Samples continuous subset of data, such as entire episode records lie within positions specified by interval Episode start position within interval is drawn from beta-distribution parametrised by b_alpha, b_beta. By default distribution is uniform one.

Parameters:
  • interval – tuple, list or 1d-array of integers of length 2: [lower_row_number, upper_row_number];
  • align – if True - try to align sample to beginning of interval;
  • b_alpha – float > 0, sampling B-distribution alpha param, def=1;
  • b_beta – float > 0, sampling B-distribution beta param, def=1;
  • name – str, sample filename id
  • force_interval – bool, if true: force exact interval sampling
Returns:

  1. number of records ~ max_episode_len, subj. to time_gap param; 2. actual episode start position is sampled from interval;
  • False if it is not possible to sample instance with set args.

Return type:

  • BTgymDataset instance such as

_sample_exact_interval(interval, name='interval_sample_', **kwargs)[source]

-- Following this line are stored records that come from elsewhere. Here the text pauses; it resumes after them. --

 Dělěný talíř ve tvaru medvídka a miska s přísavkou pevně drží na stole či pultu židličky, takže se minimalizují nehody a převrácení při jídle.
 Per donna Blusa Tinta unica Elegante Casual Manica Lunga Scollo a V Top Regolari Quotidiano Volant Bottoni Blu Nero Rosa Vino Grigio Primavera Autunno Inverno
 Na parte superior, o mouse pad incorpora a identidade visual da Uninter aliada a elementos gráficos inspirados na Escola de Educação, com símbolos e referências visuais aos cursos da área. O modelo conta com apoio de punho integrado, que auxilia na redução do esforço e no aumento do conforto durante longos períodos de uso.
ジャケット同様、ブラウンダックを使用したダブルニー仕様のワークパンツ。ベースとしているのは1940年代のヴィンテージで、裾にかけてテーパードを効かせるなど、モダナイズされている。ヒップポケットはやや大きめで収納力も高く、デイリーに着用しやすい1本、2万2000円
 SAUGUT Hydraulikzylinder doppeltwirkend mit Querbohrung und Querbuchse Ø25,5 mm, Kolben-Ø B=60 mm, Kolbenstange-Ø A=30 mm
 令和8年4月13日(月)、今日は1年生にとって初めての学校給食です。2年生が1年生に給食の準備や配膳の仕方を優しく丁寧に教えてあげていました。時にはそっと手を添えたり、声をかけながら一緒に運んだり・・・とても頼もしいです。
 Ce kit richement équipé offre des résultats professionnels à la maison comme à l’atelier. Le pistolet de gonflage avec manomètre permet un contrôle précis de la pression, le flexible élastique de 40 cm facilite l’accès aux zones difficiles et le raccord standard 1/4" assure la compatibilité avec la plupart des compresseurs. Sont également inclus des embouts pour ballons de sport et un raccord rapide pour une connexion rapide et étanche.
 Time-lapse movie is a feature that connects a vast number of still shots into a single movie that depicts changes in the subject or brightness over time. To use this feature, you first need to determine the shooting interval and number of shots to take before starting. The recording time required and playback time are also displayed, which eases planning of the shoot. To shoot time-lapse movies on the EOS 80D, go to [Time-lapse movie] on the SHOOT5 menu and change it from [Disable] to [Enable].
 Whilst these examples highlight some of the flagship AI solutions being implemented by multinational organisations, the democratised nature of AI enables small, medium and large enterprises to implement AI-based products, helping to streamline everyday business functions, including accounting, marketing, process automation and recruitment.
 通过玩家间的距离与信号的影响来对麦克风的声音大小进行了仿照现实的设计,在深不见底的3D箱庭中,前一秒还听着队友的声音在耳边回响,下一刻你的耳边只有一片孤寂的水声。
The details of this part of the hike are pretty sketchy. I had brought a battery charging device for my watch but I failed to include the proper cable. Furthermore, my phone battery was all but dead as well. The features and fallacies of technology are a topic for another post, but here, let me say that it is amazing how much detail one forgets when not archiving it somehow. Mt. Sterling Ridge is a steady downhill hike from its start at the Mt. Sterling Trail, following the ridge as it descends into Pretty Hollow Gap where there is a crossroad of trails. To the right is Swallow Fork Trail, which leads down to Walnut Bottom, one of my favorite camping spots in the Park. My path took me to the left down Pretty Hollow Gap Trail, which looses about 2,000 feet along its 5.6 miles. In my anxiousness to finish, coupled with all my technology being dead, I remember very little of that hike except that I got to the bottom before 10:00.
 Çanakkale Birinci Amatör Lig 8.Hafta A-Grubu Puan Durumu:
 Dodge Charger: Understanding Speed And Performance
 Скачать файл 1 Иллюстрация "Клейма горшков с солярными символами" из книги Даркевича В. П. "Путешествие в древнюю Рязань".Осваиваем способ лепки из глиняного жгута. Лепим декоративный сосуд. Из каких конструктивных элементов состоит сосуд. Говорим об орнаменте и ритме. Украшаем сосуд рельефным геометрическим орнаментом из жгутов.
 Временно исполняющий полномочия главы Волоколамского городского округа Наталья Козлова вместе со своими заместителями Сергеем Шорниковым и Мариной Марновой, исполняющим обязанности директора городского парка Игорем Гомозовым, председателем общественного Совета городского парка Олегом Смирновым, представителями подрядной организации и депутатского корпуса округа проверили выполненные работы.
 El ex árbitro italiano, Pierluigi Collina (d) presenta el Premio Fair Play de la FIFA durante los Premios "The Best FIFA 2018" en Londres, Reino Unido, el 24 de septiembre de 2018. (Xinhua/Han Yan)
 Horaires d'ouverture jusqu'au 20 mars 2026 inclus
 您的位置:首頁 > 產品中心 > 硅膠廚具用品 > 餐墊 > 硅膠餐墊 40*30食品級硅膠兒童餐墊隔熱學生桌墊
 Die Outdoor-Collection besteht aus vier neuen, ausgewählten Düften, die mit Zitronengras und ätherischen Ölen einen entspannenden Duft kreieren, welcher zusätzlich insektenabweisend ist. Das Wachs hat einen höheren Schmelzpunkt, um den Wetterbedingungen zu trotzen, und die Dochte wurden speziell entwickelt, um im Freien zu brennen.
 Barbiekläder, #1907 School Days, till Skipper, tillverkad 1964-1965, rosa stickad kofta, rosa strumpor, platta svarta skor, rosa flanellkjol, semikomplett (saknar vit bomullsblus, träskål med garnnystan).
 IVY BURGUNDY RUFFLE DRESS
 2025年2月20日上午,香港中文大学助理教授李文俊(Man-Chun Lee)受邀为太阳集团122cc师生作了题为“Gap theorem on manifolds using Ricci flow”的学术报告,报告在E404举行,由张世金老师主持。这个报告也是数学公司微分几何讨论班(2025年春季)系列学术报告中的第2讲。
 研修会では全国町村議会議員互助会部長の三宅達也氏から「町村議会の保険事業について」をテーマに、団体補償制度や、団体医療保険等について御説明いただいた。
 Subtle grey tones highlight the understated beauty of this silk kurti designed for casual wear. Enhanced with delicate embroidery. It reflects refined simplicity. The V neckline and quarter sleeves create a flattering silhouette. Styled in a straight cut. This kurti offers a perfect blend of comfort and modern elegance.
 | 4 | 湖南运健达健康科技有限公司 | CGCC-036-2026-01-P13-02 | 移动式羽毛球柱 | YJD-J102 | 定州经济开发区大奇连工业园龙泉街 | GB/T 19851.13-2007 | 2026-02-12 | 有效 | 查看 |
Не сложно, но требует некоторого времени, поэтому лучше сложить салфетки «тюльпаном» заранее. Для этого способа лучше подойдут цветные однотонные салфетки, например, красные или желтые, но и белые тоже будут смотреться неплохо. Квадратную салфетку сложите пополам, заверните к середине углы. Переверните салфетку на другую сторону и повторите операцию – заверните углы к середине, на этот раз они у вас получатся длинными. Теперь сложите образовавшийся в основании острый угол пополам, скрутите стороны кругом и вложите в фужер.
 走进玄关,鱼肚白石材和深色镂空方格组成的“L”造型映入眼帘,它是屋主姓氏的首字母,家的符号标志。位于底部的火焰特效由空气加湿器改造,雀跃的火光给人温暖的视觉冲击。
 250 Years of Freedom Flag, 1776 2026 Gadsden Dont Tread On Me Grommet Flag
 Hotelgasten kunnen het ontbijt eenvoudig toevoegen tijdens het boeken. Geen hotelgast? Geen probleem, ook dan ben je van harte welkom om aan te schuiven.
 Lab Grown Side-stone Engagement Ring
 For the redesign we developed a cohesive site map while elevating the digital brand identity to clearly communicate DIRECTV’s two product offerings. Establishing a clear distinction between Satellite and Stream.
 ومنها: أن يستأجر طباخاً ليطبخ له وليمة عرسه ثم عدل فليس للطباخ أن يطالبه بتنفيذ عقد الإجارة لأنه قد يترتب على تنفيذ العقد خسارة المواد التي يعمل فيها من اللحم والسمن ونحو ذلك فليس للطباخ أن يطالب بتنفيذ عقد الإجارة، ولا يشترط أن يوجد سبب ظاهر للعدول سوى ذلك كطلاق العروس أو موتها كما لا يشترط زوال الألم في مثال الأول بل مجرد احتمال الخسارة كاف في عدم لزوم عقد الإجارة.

Samples exactly defined interval.

Parameters:
  • interval – tuple, list or 1d-array of integers of length 2: [lower_row_number, upper_row_number];
  • name – str, sample filename id
Returns:

BTgymDataset instance.

btgym.datafeed.base.random_beta()

beta(a, b, size=None)

Draw samples from a Beta distribution.

The Beta distribution is a special case of the Dirichlet distribution, and is related to the Gamma distribution. It has the probability distribution function

\[f(x; a,b) = \frac{1}{B(\alpha, \beta)} x^{\alpha - 1} (1 - x)^{\beta - 1},\]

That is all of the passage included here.